From the data that follows, set down exactly the lines from the one with "五芳斋 速冻大肉粽 160g*6只 嘉兴粽子大肉粽端午粽子早餐食品" through the one with "随之查询 Hollywood Movies.jmp", counting both. Pictures stay out.

• Records provided:
=-=-=-=-=

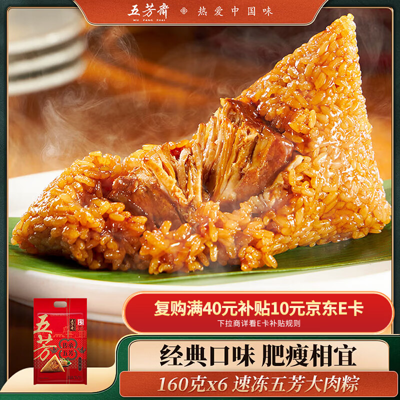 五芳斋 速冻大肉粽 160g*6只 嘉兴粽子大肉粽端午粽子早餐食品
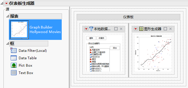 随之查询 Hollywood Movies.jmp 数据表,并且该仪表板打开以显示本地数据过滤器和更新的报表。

=-=-=-=-=

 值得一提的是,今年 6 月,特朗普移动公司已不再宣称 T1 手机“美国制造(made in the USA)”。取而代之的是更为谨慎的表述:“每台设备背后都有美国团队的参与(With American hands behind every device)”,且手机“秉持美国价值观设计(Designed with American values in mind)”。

=-=-=-=-=

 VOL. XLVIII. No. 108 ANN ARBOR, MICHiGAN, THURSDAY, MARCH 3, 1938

=-=-=-=-=

• Result:
 五芳斋 速冻大肉粽 160g*6只 嘉兴粽子大肉粽端午粽子早餐食品
 随之查询 Hollywood Movies.jmp 数据表,并且该仪表板打开以显示本地数据过滤器和更新的报表。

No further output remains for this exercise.